Get the Prometheus server URL by running these commands in the same shell: NOTE: It may take a few minutes for the LoadBalancer IP to be available. You can watch the status of by running 'kubectl get svc --namespace monitoring -w prometheus-server' export SERVICE_IP=$(kubectl get svc --namespace monitoring prometheus-server -o jsonpath='{.status.loadBalancer.ingress[0].ip}') echo http://$SERVICE_IP:80
To validate everything has come up, go to the Prometheus Address, in my configuration there is no authentication.
In my below screenshot, you can see I have 3 of 3 targets reporting into Prometheus, this is because I forgot to add in my other two node IP addresses in the config map scraper details.
I can correct that as mentioned above by running the below command, I also fixed my node-exporter, by removing it, as it needs additional configuration in the environment for a control-plane node. In this article we are only concerned with the Telegraf Exporter:
kubectl edit configmap prometheus-server -n monitoring
Configure vRealize Operations to monitor Kubernetes via Prometheus
Log into your vRealize Operations environment.

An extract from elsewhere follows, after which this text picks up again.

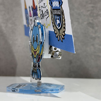 マスコットの背面に取り付けられたクリップでメモを挟めば、まるでマスコットたちがメモを持ってくれているように見えるメモスタンドです。一生懸命に腕を伸ばしているデザインがポイントです!

Now let’s configure the adapter.
- Click on Integrations (if using the older vROPs you’ll need to click on Administration first)
- Click Add Account
- Select Kubernetes
- Set the name for the adapter
- Set Clusters API address you collected at the information gathering stage
- Set the Collector Service to Prometheus
- Click the “+” symbol to create a new credential
- Select the Credential Type
- Set a credential name
- Set the authentication details for the selected credential type
- Set the Prometheus Server address using either HTTP or HTTPS and the associated port
- Provide any necessary authentication with Prometheus
- Open the Advance settings, set the vCenter server to map the Kubernetes cluster objects to your virtual infrastructure.
- Validate your connection, you will be asked to accept the SSL from the Kubernetes API.
- Click Add adapter
You may see the adapter sit in a warning status for a while whilst the initial data collection is running. After a few minutes my environment turned to OK.
Viewing Kubernetes Telegraf Metrics in vRealize Operations
I won’t go into massive detail about all of the views and dashboards, I covered most of this in an earlier blog post. However, the power of the Telegraf exporter is getting the ability to have Container metrics, from CPU/Memory/Network and Storage resource usage.
Below you can see on the left-hand navigation pane the mapping of all the Kubernetes objects through to the virtualisation components where they run (mapped to a virtual machine, host etc etc).
In the main metrics screen, I can see Prometheus as a heading, then Telegraf Exporter. I’ve charted out some metrics from the “ArgoCD Server” container for CPU and Memory usage.
And looking at the same container for networking metrics as well.
Finally, we can see storage metrics from the point of view from the container as well. As this is my lab environment, not much happens. However, I changed the context to look at my Kasten namespace, and viewing the persistent volume attached to the catalog services, as I know this would show some data usage for the screenshot below.
Summary and wrap-up
I wrote this blog to add more clarity to the official documentation when using Prometheus as an endpoint to pull Kubernetes metrics into vRealize Operations. Of course, you can also choose your exporter of choice, and potentially use other exporters to pull extra information into the system about your Kubernetes clusters and applications.
The key takeaway for me here, is the ability to provide the infrastructure-up view from your virtualisation platform into your Kubernetes cluster. Should you have to work with your Apps team, troubleshooting hopefully has become a little simpler as you now have visibility into their world and systems.
Regards